New York, February 15th (TradersHuddle.com) – There are a lot of varying estimates regarding the various U.S. shale properties, but they all come to the same conclusion: Production of shale gas will keep on rising for years to come and could eventually be the source of the majority of U.S. natural gas output.
Natural gas naysayers might say "So what?" and who could blame as natural gas prices have been sliding for several years now. Well, there is plenty of oil in U.S. shale plays as well. The Bakken Shale has turned North Dakota into one of the most economically robust states in the U.S. The Eagle Ford Shale could be the next great Texas oil field,
Further west, there’s the Niobrara Shale, which is found in the Denver-Julesburg Basin in North Colorado South Wyoming, Nebraska, and Kansas, and the Monterrey Shale in California.

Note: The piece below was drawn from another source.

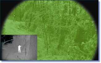 | An enemy target in both thermal and standard night vision. |
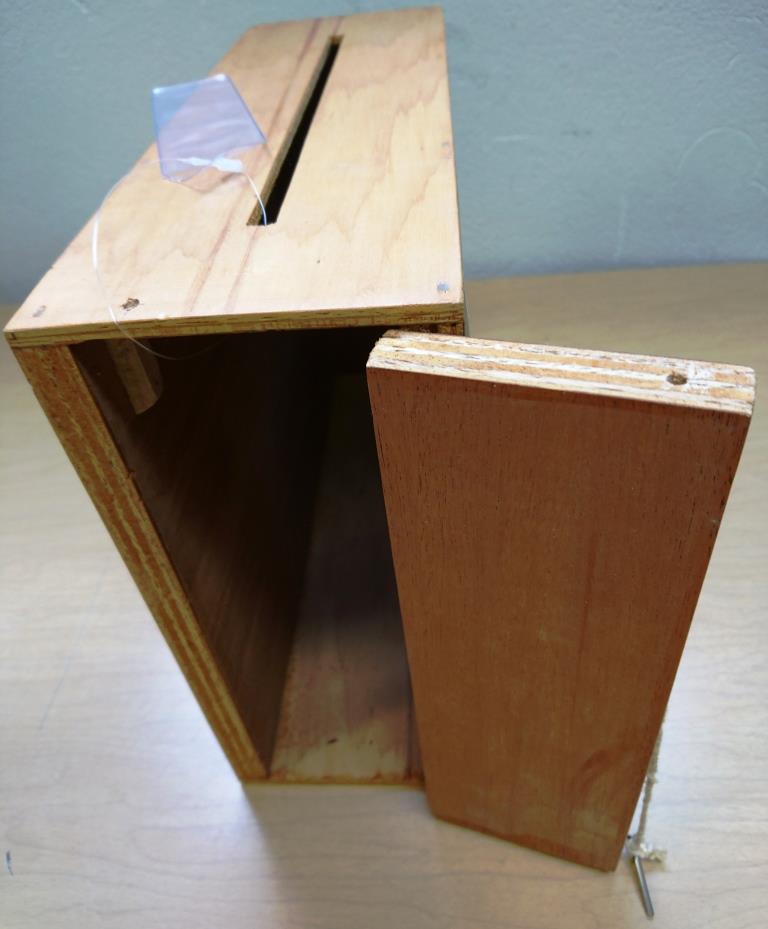 Confeccionada pela marcenaria da CETESB, foi utilizada para uma pesquisa de qualidade do atendimento dos funcionários, do espaço e do acervo da biblioteca da CETESB no fim dos anos 1980. Todos usuários (internos e externos) foram convidados a participar e deixar suas sugestões dentro da caixa que ficou sob o balcão de atendimento durante longo período até apuração dos resultados. Posteriormente deixou de ser utilizada, pois a avaliação da área era realizada de outra forma. Com o advento das novas tecnologias da informação e comunicação, no fim dos anos 1990, os emails foram utilizados para receber as críticas, sugestões e reclamações dos usuários da Biblioteca.

And of course, the Utica Shale in the Midwest cannot be forgotten, as that play is believed to be home to billions of barrels of oil reserves.
With so many shale plays out there, there’s a dizzying array of stocks investors can use as shale proxies, but rather than owning 10, 15 or more stocks individually, a couple of ETFs will do the job just fine. Consider the following names.
iShares Dow Jones U.S. Oil & Gas Exploration & Production Index Fund (NYSE: IEO):
The iShares Dow Jones U.S. Oil & Gas Exploration & Production Index Fund is fine of accessing just about any shale play in the U.S., but it particularly useful for the western shales, Monterrey and Niobrara. We say that because Occidental Petroleum (NYSE: OXY) and Anadarko Petroleum (NYSE: APC) combine for nearly a quarter of the ETF’s weight and those are the dominant Moneterrey and Niobrara players.
First Trust ISE-Revere Natural Gas Index Fund (NYSE: FCG):
While it’s unfair to call the First Trust ISE-Revere Natural Gas Index Fund "unknown," it’s certainly not a household name among energy ETFs and it gets a bum wrap because it appears to be a natural gas play. What FCG really is a shale ETF that offers exposure to just about any U.S. shale play you can think of a bunch of companies that are looking to increase their oil output and decrease their gas production.
SPDR S&P Oil & Gas Exploration & Production ETF (NYSE: XOP)
The SPDR S&P Oil & Gas Exploration & Production ETF belongs on just about every shale ETF list and that proclamation is warranted. The ETF is home to at least eight companies with direct Utica Shale exposure and several more such as Hess (NYSE: HES) that have major footprints in the Bakken Shale. XOP is helpful for the indecisive shale investor. If you can’t decide which shale property you want your ETF to have a slight bias to, access all of them with XOP.
Just be warned XOP is exceptionally volatile for a non-leveraged ETF and probably doesn’t have a place in a conservative investors portfolio.
Market Vectors Unconventional Oil & Gas ETF (NYSE: FRAK):
It should be noted that FRAK just made its debut on February 15, but the ETF was designed to be a shale/oil sands ETF. This fund is NOT a play on offshore oil drilling. In fact, Occidental, FRAK’s largest holding, does no offshore drilling. Devon, the new ETF’s fourth largest holding, doesn’t either. FRAK is home to 44 stocks and an expense ratio of 0.54%.